Esse mesmo pensamento pode ser inserido no âmbito da educação. O conhecimento a ser transmitido virou um elemento secundário nos locais de aprendizagem. Cobram dinamismo dos professores e instrutores. Esses profissionais são convidados a fazer uso de inúmeros recursos para manter a atenção dos seus orientados. O acessório passa a ser o principal, ao aplicar o lúdico e os recursos multimídias de forma desmedida e sem critérios.
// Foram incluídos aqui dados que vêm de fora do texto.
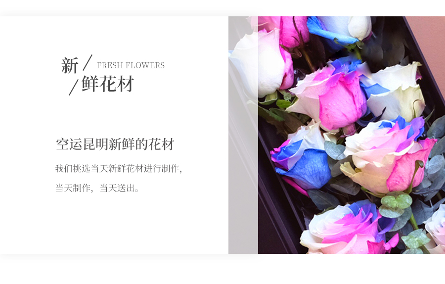由于鮮花包扎的花藝師不同,可能在花束的形式和搭配上與圖片略有小的區(qū)別,但我們保證鮮花的主花材品種、新鮮程度、數(shù)量、顏色與說明一致,感謝您的理解。

O mesmo raciocínio é perceptível nas relações entre o Governo e os cidadãos. As Leis devem abraçar as causas específicas de cada classe, sob a égide da desigualdade. Exige-se, no código penal, a imputação de penas duras aos crimes praticados contra determinados grupos sociais, mas as condutas que exigem a participação e o engajamento, a fim de obter melhores condições de vida à coletividade, não tem a adesão sequer de 10% das pessoas. Fala-se muito em Leis naqueles casos e esquecem-se da ética em todos eles.

Esperam muito dos outros e tiram o peso da responsabilidade dos próprios ombros. A vida é feita de escolhas, pois as decisões são inevitáveis, e conviver com elas é um processo natural. Para tanto, a coragem é fundamental. Etimologicamente, essa palavra deriva de coração e está ligado ao ânimo e a vontade. É daí que os estímulos nascem, entretanto só os reconhecem aqueles que buscam o autoconhecimento.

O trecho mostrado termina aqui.